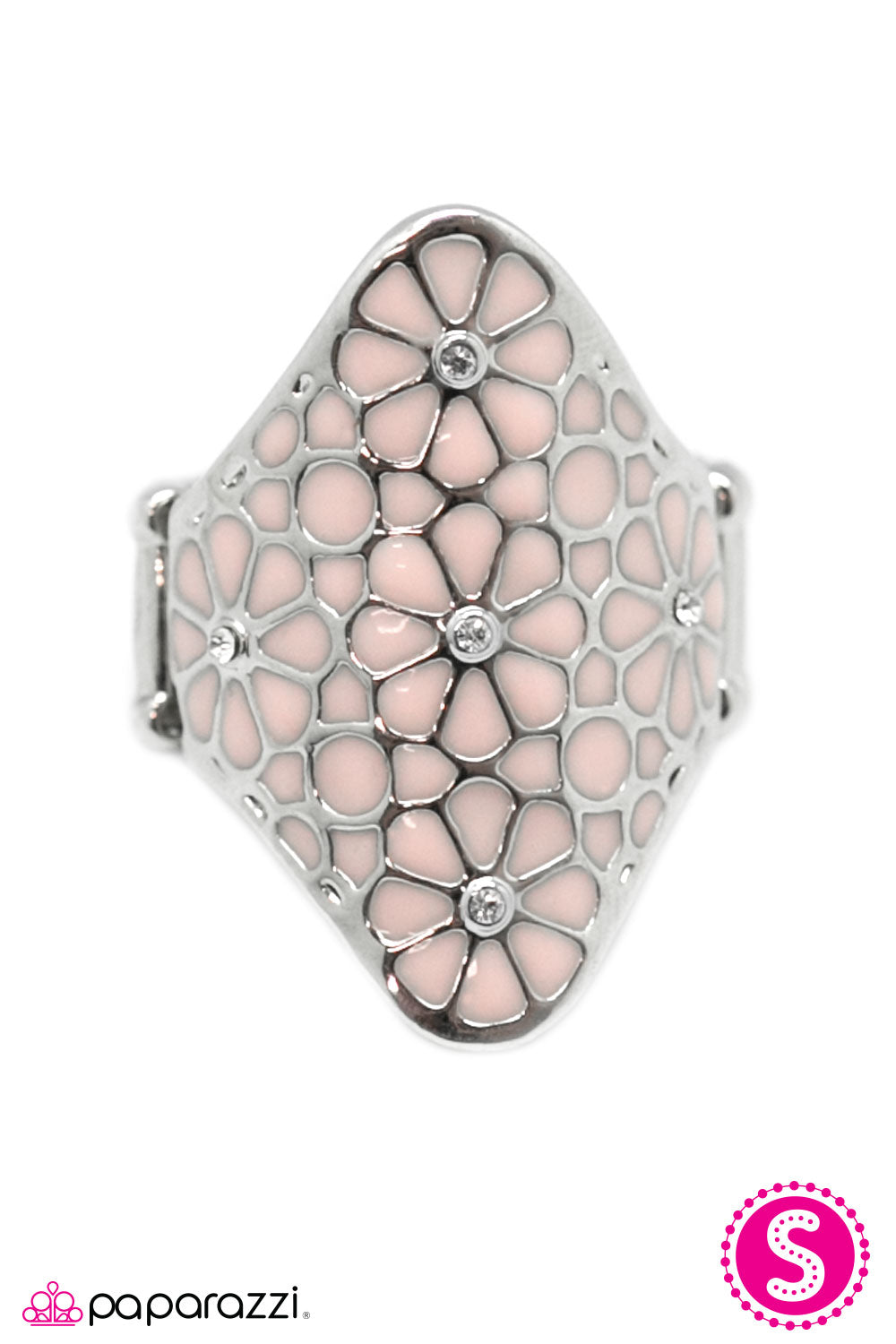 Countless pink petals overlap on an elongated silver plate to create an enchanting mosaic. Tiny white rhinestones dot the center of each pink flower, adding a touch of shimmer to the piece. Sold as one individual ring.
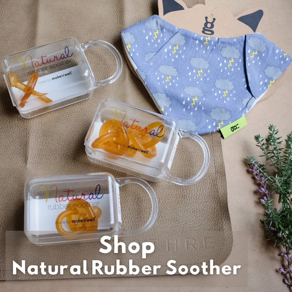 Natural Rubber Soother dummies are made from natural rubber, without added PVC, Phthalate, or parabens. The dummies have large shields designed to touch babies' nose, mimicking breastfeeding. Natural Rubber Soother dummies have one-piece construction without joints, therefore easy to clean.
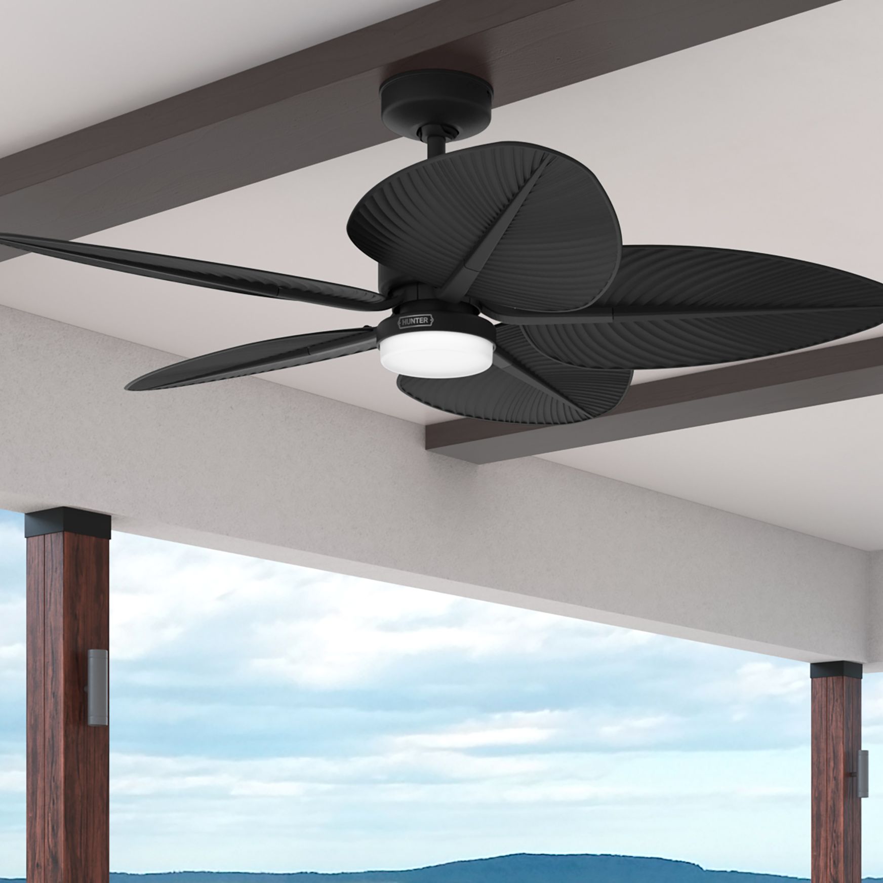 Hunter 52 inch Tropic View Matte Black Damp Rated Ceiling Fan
::::::::::
# Aim of the exercise
An exact copy of the data above is required, printed without its pictures.

# Task answer
 Countless pink petals overlap on an elongated silver plate to create an enchanting mosaic. Tiny white rhinestones dot the center of each pink flower, adding a touch of shimmer to the piece. Sold as one individual ring.
 Natural Rubber Soother dummies are made from natural rubber, without added PVC, Phthalate, or parabens. The dummies have large shields designed to touch babies' nose, mimicking breastfeeding. Natural Rubber Soother dummies have one-piece construction without joints, therefore easy to clean.
 Hunter 52 inch Tropic View Matte Black Damp Rated Ceiling Fan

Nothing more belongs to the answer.